The earnings call indicates strong financial performance with increased gross profit and EBITDA, reduced debt servicing costs, and significant cash reserves. Positive developments include higher gold production, ongoing exploration, and strategic investments. Despite some concerns about production grades at San José and regulatory uncertainties, management's optimistic guidance and strategic focus on growth and exploration investments indicate a positive sentiment. The market is likely to react positively over the next two weeks, expecting further updates and developments.

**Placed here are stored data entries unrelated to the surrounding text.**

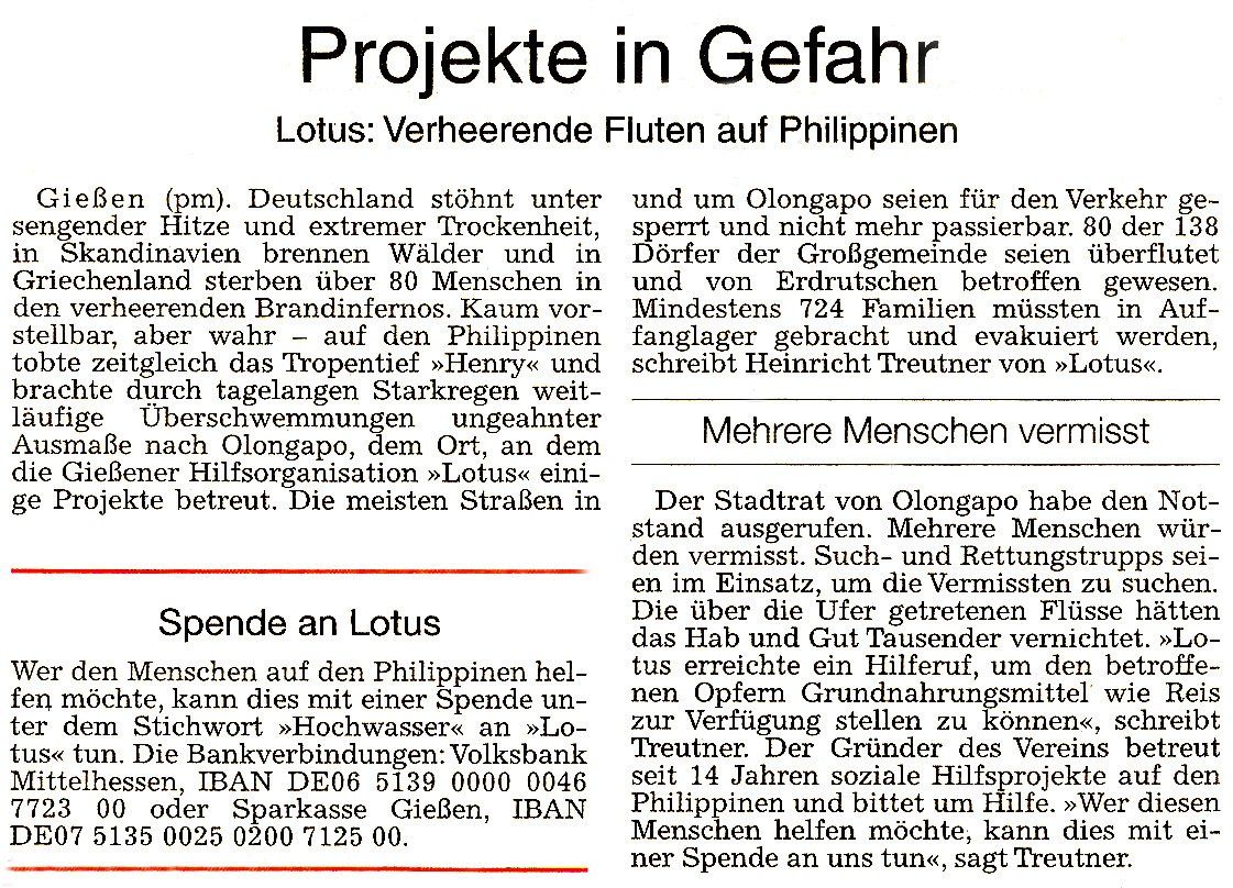 Die Lotushilfe ist seit 2005 aktiv und nicht zuletzt durch Artikel in der regionalen und überregionalen Presse vielen ein Begriff. Neues zu unseren Hilfsprojekten und Missionen wird hier der Öffentlichkeit regelmäßig nähergebracht.
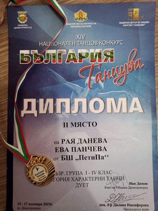 Рая Данева, Андреана Андреева, Адрияна Евтимова, Ралица Байнашева, Симона Стоянова, Ивайла Радкова, Преслава Симеонова и Ивона Мачева демонстрираха сериозна подготовка и бяха оценени подобаващо от журито. Те премериха сили с участници от професионални училища и донесоха в Сливен медали и грамоти. Учениците ни са представители на балет "Барби" и балет "ПетиПа".
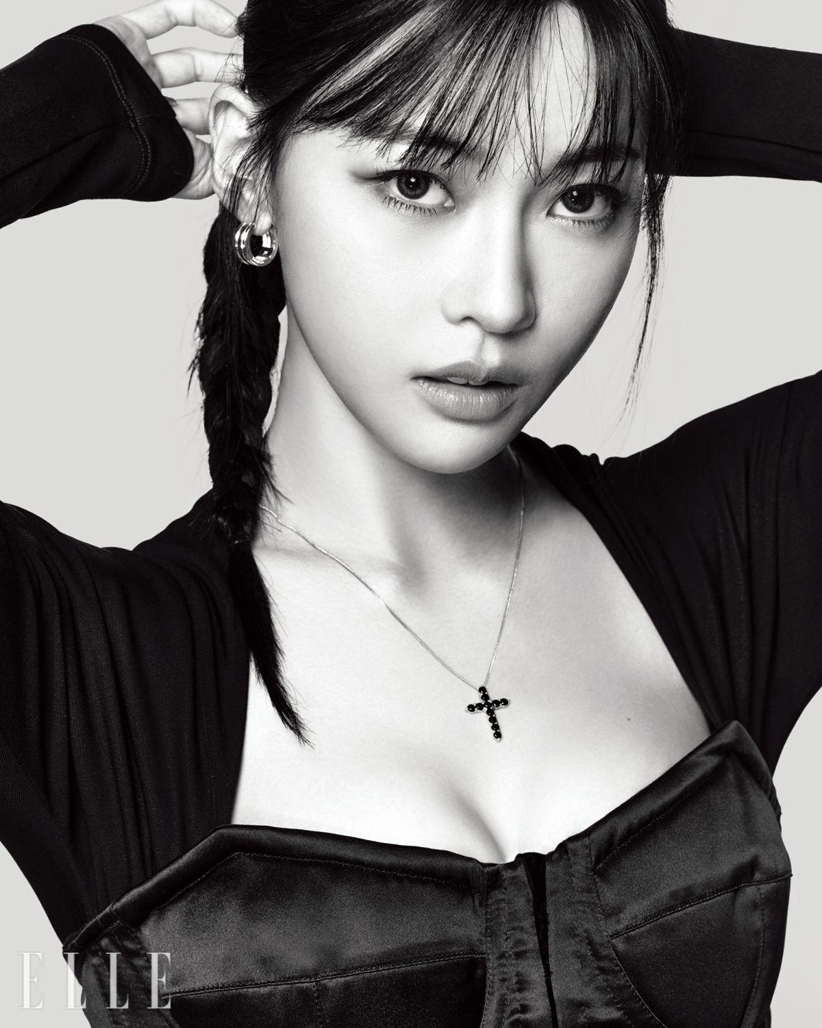 미나수가 입은 원피스는 Maison Margiela. 이어링과 벨트로 활용한 네크리스는 모두 Dolce&Gabbana. 링은 Buccellati.
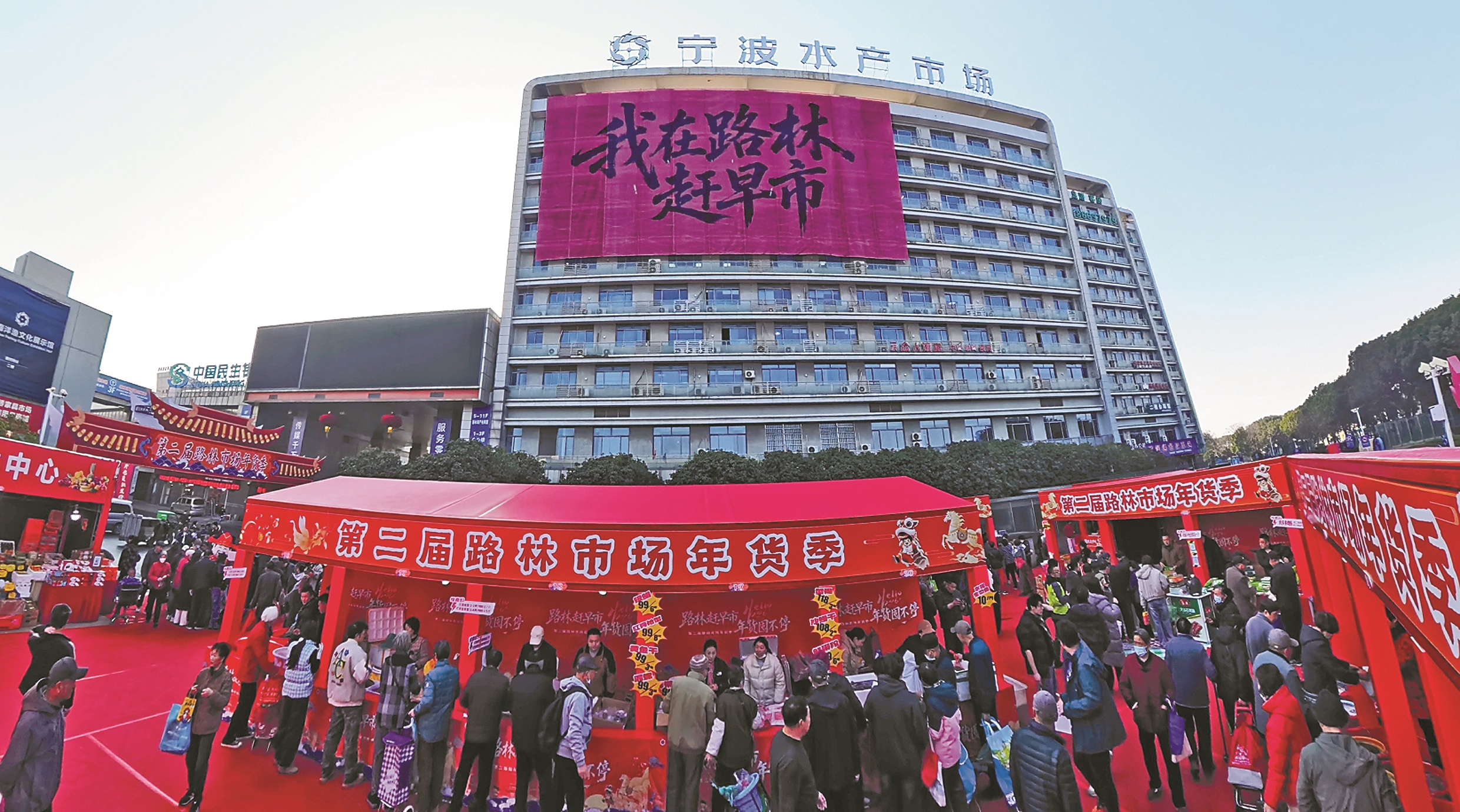 昨日上午,宁波水产品批发市场第二届年货季热闹开幕。本次活动为期3天,将持续至1月18日,设有早市区、咸干交易区和海蜇泥螺交易区三大活动区域,以“批发价售卖”为主要亮点,为市民打造一场物美价廉的“海鲜盛宴”。(沈世俊 王佳辉 顾佳诚 摄)
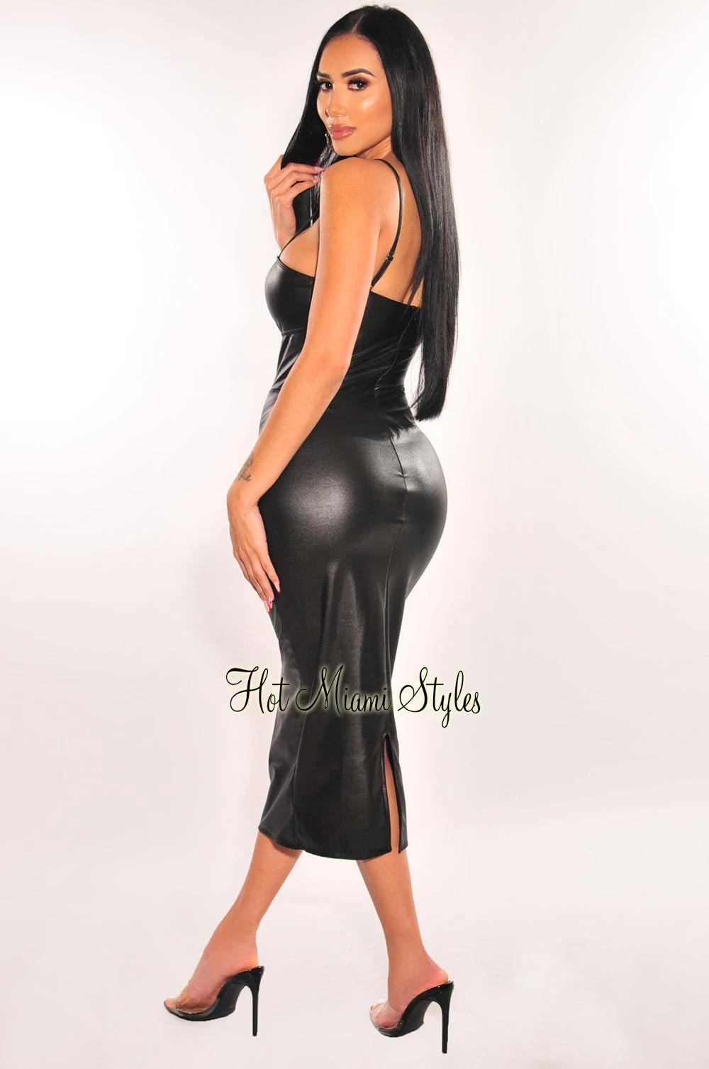 A total sultry look just for you babe! Made of sexy faux leather and knotted cut out details on a midi length dress.
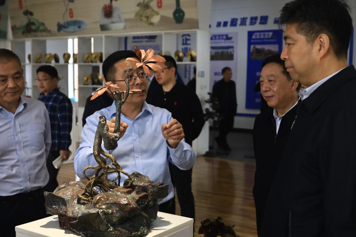 公司負責人郭飛陪同參觀并匯報了企業(yè)生產(chǎn)經(jīng)營、市場銷售、非遺技藝傳承等情況。調(diào)研組深入車間詳細了解銅工藝品制作技藝、工藝傳承創(chuàng)新,曲福田副主任對我公司把傳統(tǒng)工藝和現(xiàn)代創(chuàng)意有機結合做法給予充分肯定,并就優(yōu)化產(chǎn)品結構、提升產(chǎn)品競爭力與公司負責人進行交流探討,他希望銅官府進一步強化品牌培育,用匠心延續(xù)銅工藝的“金”字招牌。
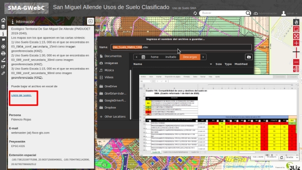 6) Puede descargar información adicional como la tabla de usos de suelo de SMA en formato Excel.
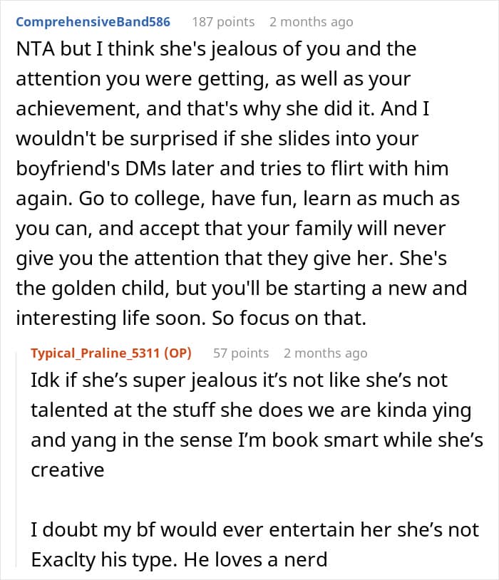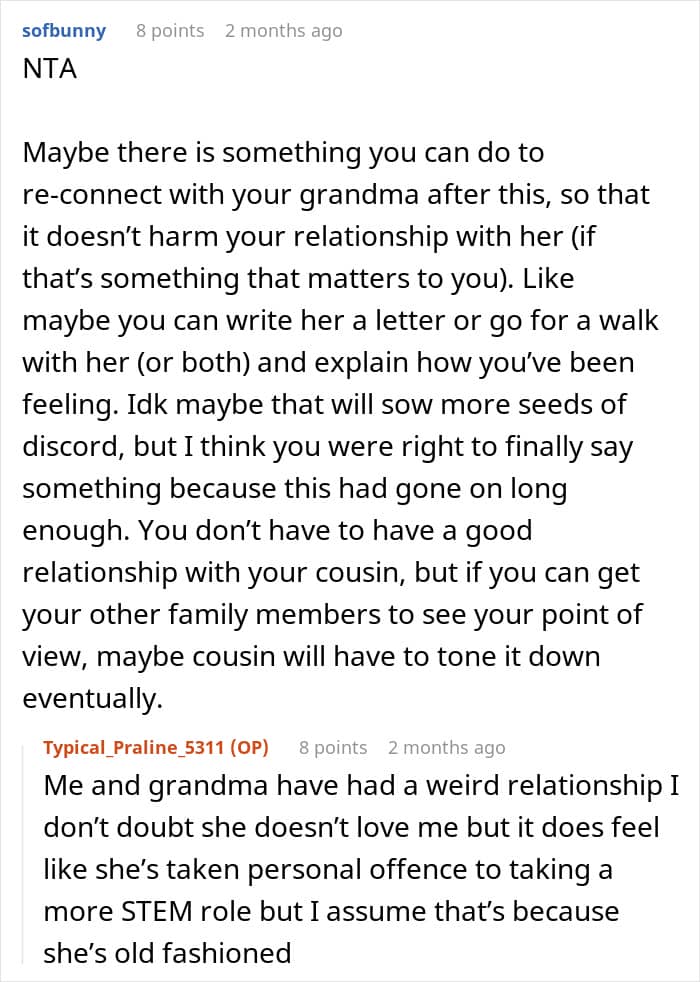 Some responders noted that it would be easier for the original poster in this situation to simply go to college, keep building a relationship with her boyfriend, focus on her studies, and try to forget about her cousin, and leave her in the past. “Ignore these ridiculous people and go on about your business being fabulous,” someone added. Do you, our dear readers, agree with this point of view?
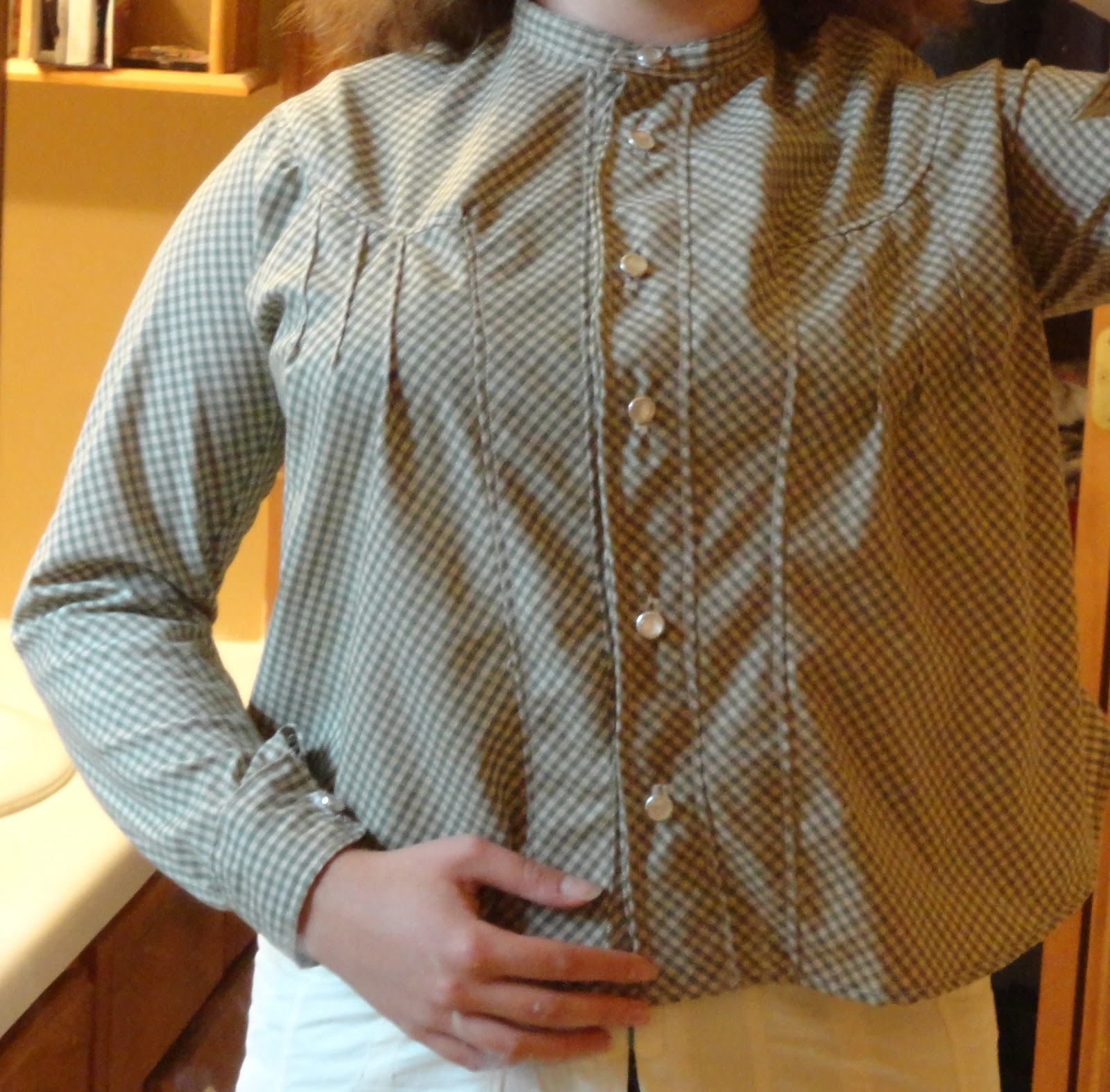This is my second garment for the VPLL 1912 Project, and my first done in normal scale and without any instructions. For fabric, I used a large piece of $2/yd green checked cotton I’d bought for making a muslin a while back, which happened to match up with what the pattern recommended. The reasons I picked this pattern are that I want to be more comfortable with blouse sewing, I’d like a 1912 blouse, and I find the emphasis on the shoulders which was very common from about 1906 on, which is present in the blouse, to be very interesting.
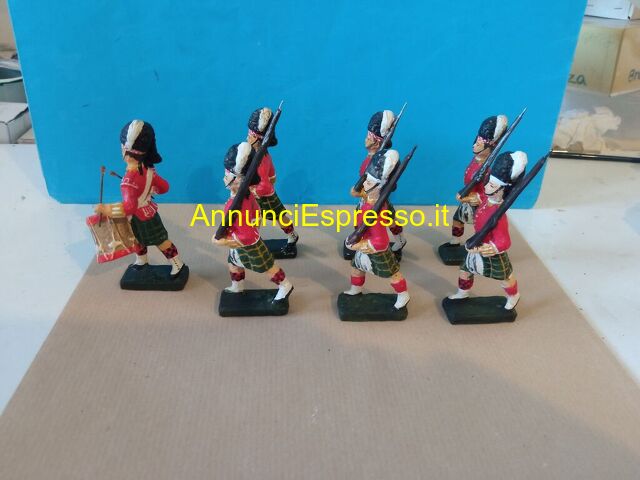 Soldatini scozzesi in parata prezzo EUR.50,00 I soldatini sono in gesso autocostruiti nello stile dei figurini in pasta degli anni '40 - '60 e sono alti 9 cm compreso il piedistallo. Il costo di spedizione è di 6 euro con tracking tracciabile. Per maggiori dettagli telefonare Terrasini (PA)
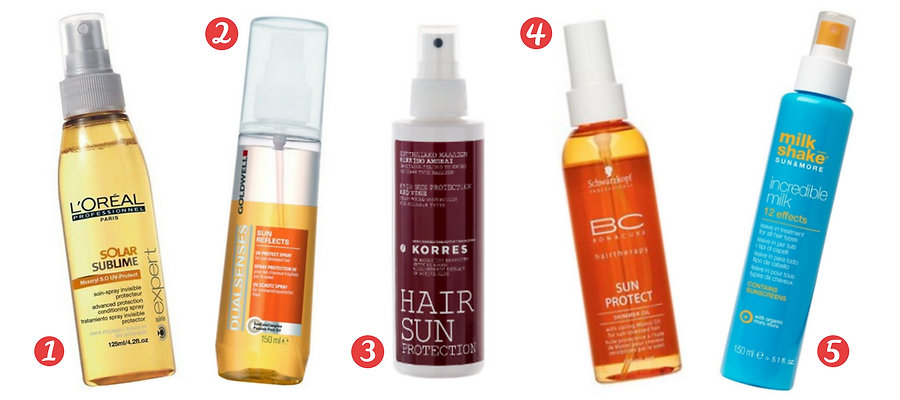 Glamot tip: 1) L'Oréal Solar Sublime Conditioning Spray is best for fine hair; 2) Goldwell Sun Reflects Leave-in Protect Spray with effective complex UV filters & panthenol; 3) Korres Hair Sun Protection Red Vine with 93.9% natural content; 4) BC Bonacure Sun Protect Shimmer Oil Spray with waterproof formula for sun protection during water pleasures; 5) Milk Shake Sun & More Incredible Milk with 12 incredible benefits for sun hair care!
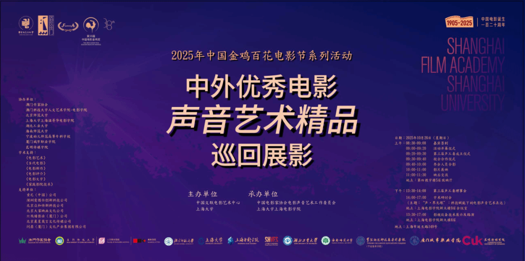 10月26日,2025年中国金鸡百花电影节系列活动之一,中外优秀电影声音艺术精品(上海站)巡回展影在AC米兰官方网站延长校区顺利开幕。同期还举行了中国电影家协会电影声音艺术工作委员会第三届委员会成立仪式、“声·界无垠” 科技赋能下的电影声音艺术表达学术研讨会、影视设备技术展示及路演等系列活动。
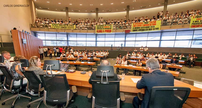 A Câmara Legislativa vai se engajar na luta dos concursados excedentes ao cargo de soldado da Polícia Militar, a fim de sensibilizar o governo local para ampliar as vagas e retomar a contratação de candidatos excedentes, que se classificaram no cadastro reserva. A decisão foi anunciada por vários deputados distritais que participaram, na tarde desta quinta-feira (8), de comissão geral para discutir a questão, iniciativa da deputada Celina Leão (PDT), presidente da Casa. São cerca de dois mil candidatos excedentes que ainda aguardam as contratações.

The earnings call presents a mixed picture: strong financial performance with increased gross profit and EBITDA, but concerns over high all-in sustaining costs and increased debt. Positive elements include resumed dividends from San José Mine and lower debt servicing costs. However, production risks at Fox Complex and high costs at Gold Bar offset these positives. Q&A reveals uncertainties about cash sufficiency for projects and lack of clarity on timelines for key developments. Overall, while there are positive financial metrics, the operational and cost challenges suggest a neutral stock price movement.
The earnings call presents a mixed picture: strong EBITDA growth and a forthcoming dividend are positives, while increased debt and net losses are concerns. Regulatory challenges and exploration risks add uncertainty. Q&A insights reveal management's cautious optimism but also highlight unclear responses on key issues. The neutral sentiment is reinforced by the lack of a clear market cap, making precise stock movement predictions challenging.